*1260OPINION.
Phillips:Both parties appear to concede the fact that the lease acquired by Sonneborn in 1912 was acquired by him in his individual capacity and not as a representative of the corporation of which he was president. Prior to that time the taxpayer had been his tenant, and there is nothing that would justify us in reaching any conclusion other than that this lease was taken by Sonneborn individually. The testimony is to the effect that Fridenberg declined to make the lease with the corporation, desiring to have the personal responsibility- of Sonneborn. The two questions presented are' whether any assignment of the lease was made by Sonneborn to the taxpayer and, if so, what value, if any, it had at the time of such assignment.
We are satisfied from the evidence that an assignment to the taxpayer took place on or about April 1, 1913. This assignment was oral, but the taxpayer was in possession of the property and the oral testimony that such an assignment took place is supported by; canceled checks showing that, after April 1, 1913, the • payments' were made by the taxpayer directly to Fridenberg, whereas, prior *1261to that time, the payments were made to Sonneborn and by him to Fridenberg. It is the contention of the Commissioner that such oral assignment is void under the statute of frauds. It is sufficient to point out that, at most, such assignment was voidable only, and, the parties having recognized the assignment as valid, its validity can not be attacked by a third party. See discussion in the opinion in the Appeal of Denholm & McKay Co., 2 B. T. A. 444.
The more difficult question is the value to be assigned to the lease at the date of transfer to the taxpayer. It is taxpayers contention that the premises had a rental value of over $20,000 a year at the time the lease was made providing for a rental of $10,000 per year, and upon that basis taxpayer claims a value of $150,000. Much expert testimony was introduced, including testimony concerning other rentals at the same time in the same neighborhood and for approximately the same term. To our mind the record conclusively establishes that the property should have rented, on a 15-year lease, for a sum substantially in excess of the rental fixed in the lease, and certainly for at least $15,000 per year over the 15-year term. At the time of the assignment to the taxpayer the lease had 14 years to run. The present value of a payment of $5,000 per year over a period of 14 years is approximately $42,000, which we have found to be the reasonable value of the lease at the time it was assigned to the taxpayer.
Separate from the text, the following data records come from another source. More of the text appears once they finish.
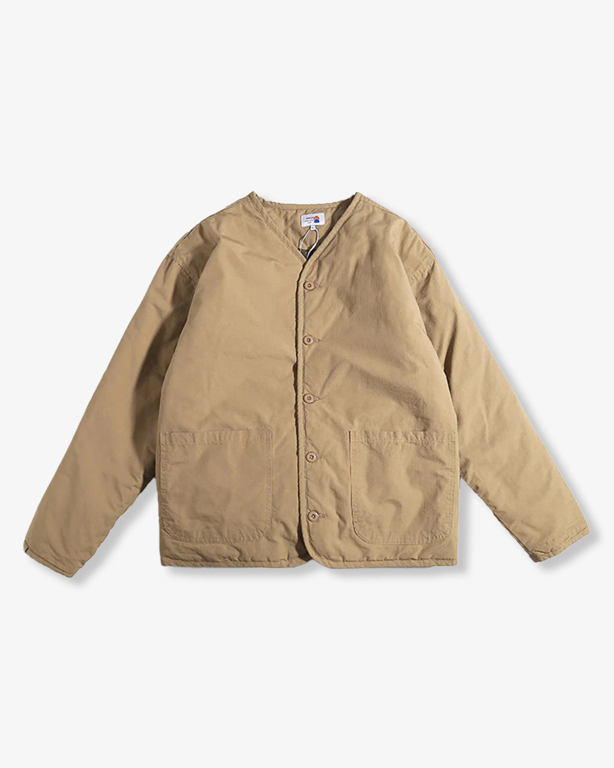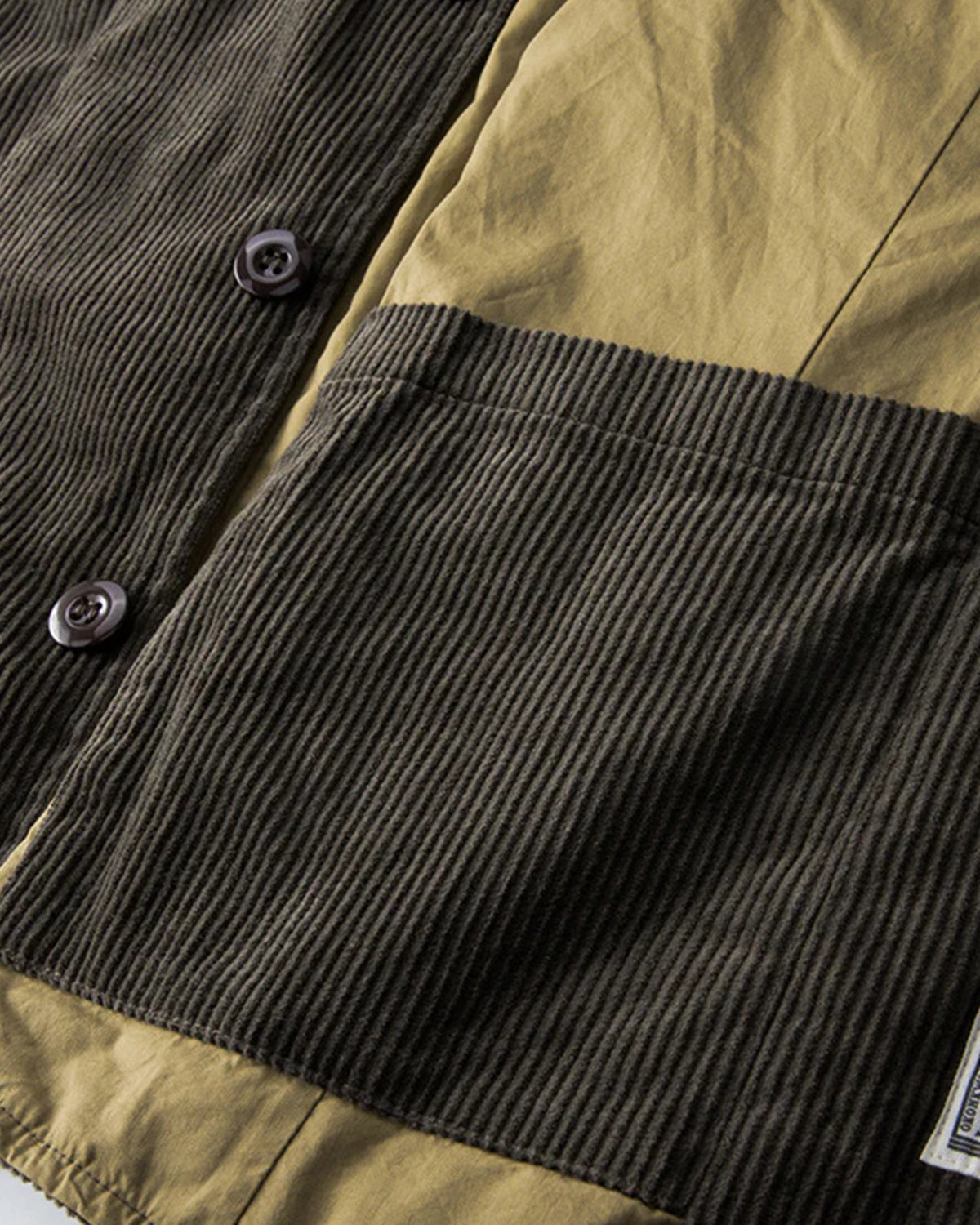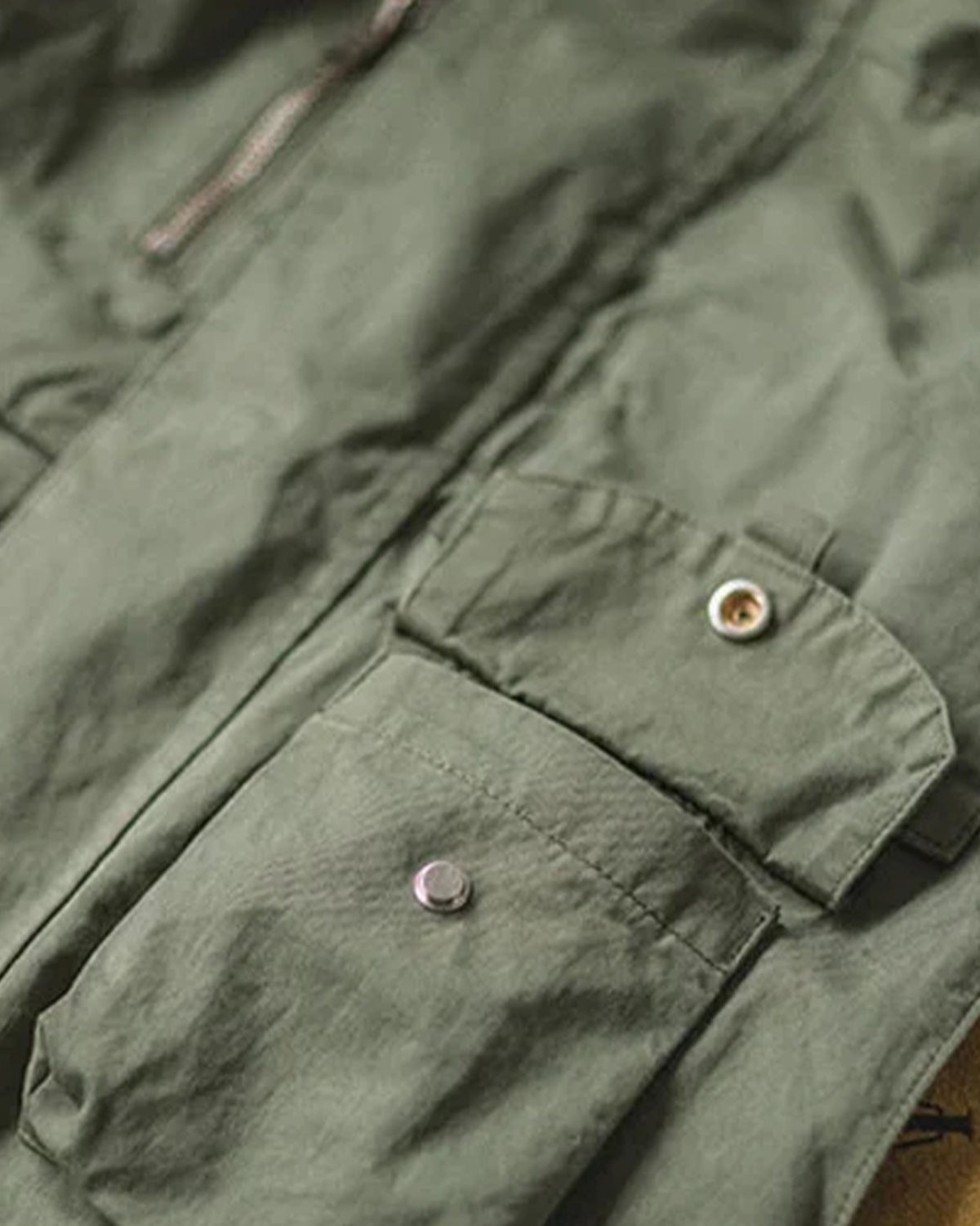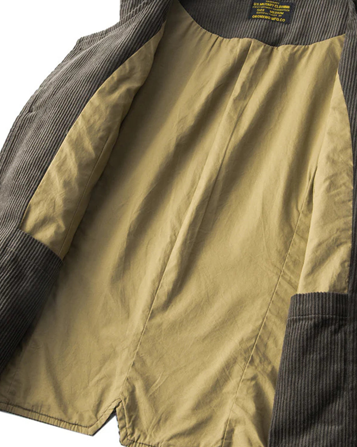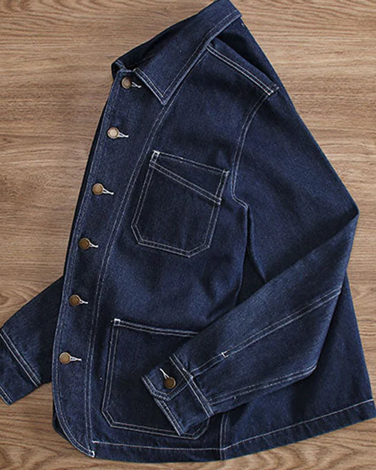 It has no collar, giving it a casual look. The large pockets and color-coordinated buttons are also nice touches.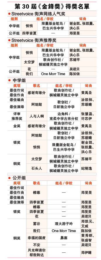 (槟城23日讯)槟城锺灵独立中学在北工站主办的第30届《金锋奖》全国创作歌曲观摩赛中学组,以一曲《感谢有缘分》拿下金奖、最佳作词、最佳作曲大奖;公开组歌手郑旻旻以一曲《帷幕》横扫银奖、最佳作词、最佳作曲、最佳编曲、最佳演绎,双双成为两组别的大赢家。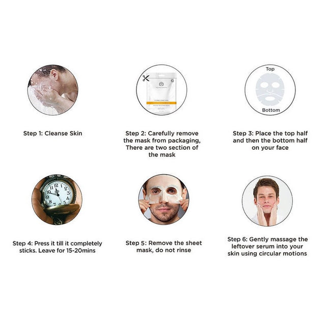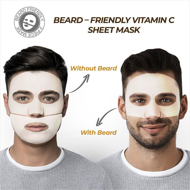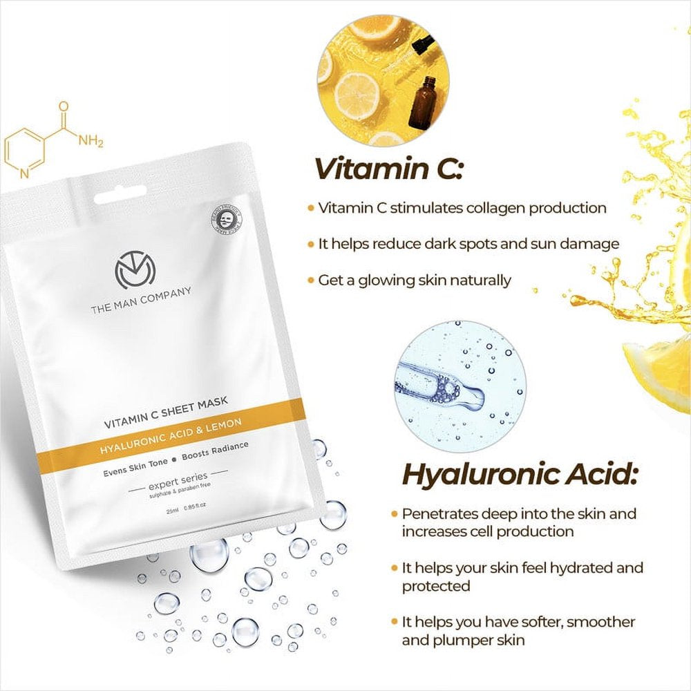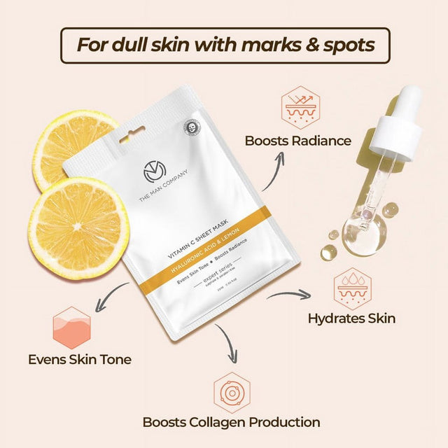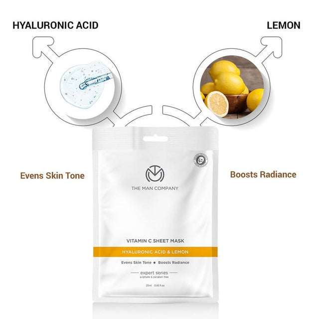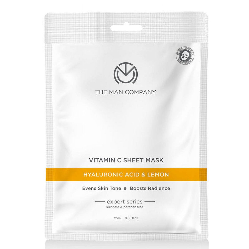 - Vitamin C Sheet Mask: The Man Company comes with a two-piece sheet mask for glowing skin enriched with Vitamin C, Hyaluronic Acid, Lemon, and Moringa Oil. The Vitamin C Sheet Mask is a two-piece beard-friendly sheet mask, enriched with the power of Vitamin C as an active ingredient.

Why the landlord should have been willing to make the lease at an amount so much less than the actual rental value is a question which has received serious consideration. He was a resident of Philadelphia and not familiar with property in Wheeling. The property was purchased by him for about $75,000 during the panic of 1893, upon the advice of Sonneborn, and proved to be an exceptionally attractive investment. Sonneborn had spent between $50,000 and $60,000 in improving the premises. The lessor was in a position to lease the property at a net rental of $10,000 per year and obtain a return of approximately 15 per cent upon the investment made by him in 1893. Considering these factors and the family relationship existing, it is not improbable that he was willing to leage it to Sonneborn for a sum which was less than could have been obtained from others, but, whatever may have been the motives which actuated the lessor, the taxpayer has established that the rental was much less than was being paid at the time for other similar property. On the other hand, we are not willing to accept those opinions which take into consideration the probability of an increase in rental value after 1912. It is quite possible that in 1912 it could have been foreseen that the rental value of the property would increase within the next 15 years, but, under the unusual circumstances in this appeal, we feel that the value to be *1262attached to the lease should be confined to the circumstances actually existing in 1912 and 1913.
The taxpayer is entitled to include the $42,000 value of the leasehold in its invested capital, but earned surplus must be reduced by the pro rata exhaustion of such value to the beginning of each of the taxable years. In computing its income it is also entitled to a deduction of $3,000 for each of the years for exhaustion of the leasehold.
Order of redetermination will be entered on 10 days' notice, under Bule 50.